Gwen Moffat lives in Cumbria. Her novels are set in remote communities ranging from the Hebrides to the American West. The crimes fit their environment, swelling that dreadful record of sin in the smiling countryside cited by Sherlock Holmes.
This is the
seventh in the series. Three years ago I read and reviewed the fourth, Thursday’s
Children, and wrote that it was “a
beacon in the current crop”. If the
other five are as intriguing as Sunday Morning then this series is a tour de
force.
With
the passage of time I had forgotten the lure of the French team and, coming
apparently fresh to their latest novel, with the first pages I was beguiled by the
style. The authors are wordsmiths. Things happen in apparently careless prose
but lean and specific; they are discussed acutely just as people talk. That is,
with the hesitation and repetition excluded. Violence is immediate, depicted
with the all the emotion of a surgeon handling a scalpel.
Although
there are references to the previous novels in the series they are not vital to
the appreciation of this one which can stand alone. The initial crime scene is
a bijou house in a London mews owned by the protagonist and series character,
Frieda Klein, a psychotherapist, and the first event is the discovery of a
putrid body under the floorboards in her living room.
Among
all the people in the novel, and there are many: her friends, the police, journalists,
victims and villains, Frieda comes across as the least idiosyncratic. She is a
sounding board, a mirror reflecting the others. She is the ideal therapist: percipient, ruthless, disciplined, humane. Her
first love is her tortoiseshell cat, her second, and unacknowledged, could be one
DCI Karlsson. Outside the cat, Karlsson, and her precious house is a wide
circle of friends and family.
There
is a plot, which the newcomer assumes
involves a running theme through the series; it
concerns a murderer, Dean Reeves, who was supposed to have died but who Frieda maintains is alive, and it was her attempts to
trace him that resulted in the body under her floorboards. This latter crime introduces DCI
Petra Burge, abrasive and hostile
initially, flummoxed by Frieda’s professional
serenity and her insistence that since the body in her house was that of a PI
she’d hired to trace Reeves, it was Reeves himself who put it there as a
message to her to back off.
Petra’s
doubts concerning Frieda’s reliability are quickly dissipated by ensuing
violent acts aimed at her friends and family, even contacts. Reuben, a Bohemian
therapist and her one-time mentor, is viciously attacked; her niece is drugged
and abducted. The informant who had worked for the murdered PI is found in a
fridge freezer. A constable who for a short time protected her disappears.

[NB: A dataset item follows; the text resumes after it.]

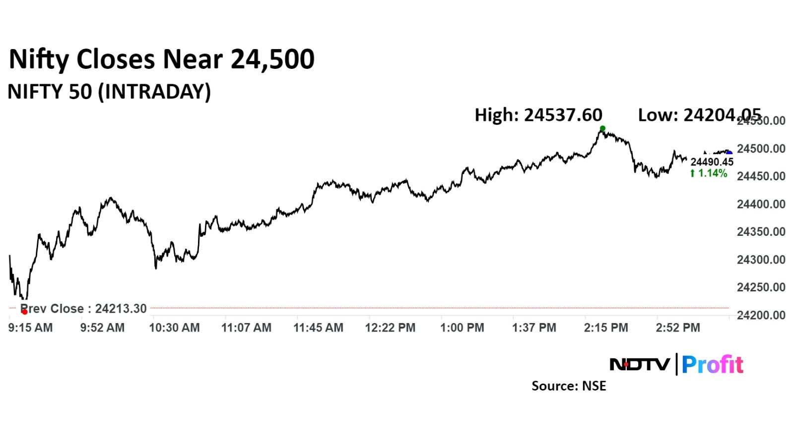The Nifty 50 ended 1.14% higher at 24,490.45.

Either Frieda is jinxed, Reeves is carrying stalking to ultimate lengths - herself
scheduled to be the last victim – or there is a copycat at large.
The
characters are multi-ethnic and great fun, running the gamut from delightful to
appalling, amusing to revolting. Reuben’s friend is Josef, a builder from the
Ukraine who goes back to his unhappy country to rescue his traumatized son:
Josef who adores Frieda and would settle all tangible threats with his fists.
There’s Jack who decided not to be a therapist, settles on running a cheese
stall instead and gives away much of his produce. And the family: Olivia the
neurotic sister-in-law, her cool daughter Chloë who was abducted. All these,
not forgetting the police: from seniors to constables, are finely portrayed.
The media figure naturally, notably one enamelled chit with piercing questions,
and conversely: a man who has made himself a specialist on Dean Reeves and as
such is by way of being Frieda’s confidant.
People
matter more than plot in the French novels but background is there, lightly and
evocatively sketched: homely interiors, soulless interiors, an obviously much-loved
London. The authors carry the reader effortlessly, leading him back: to the others in the series. I am
now on Saturday Requiem, with Blue Monday on the side. Enough said.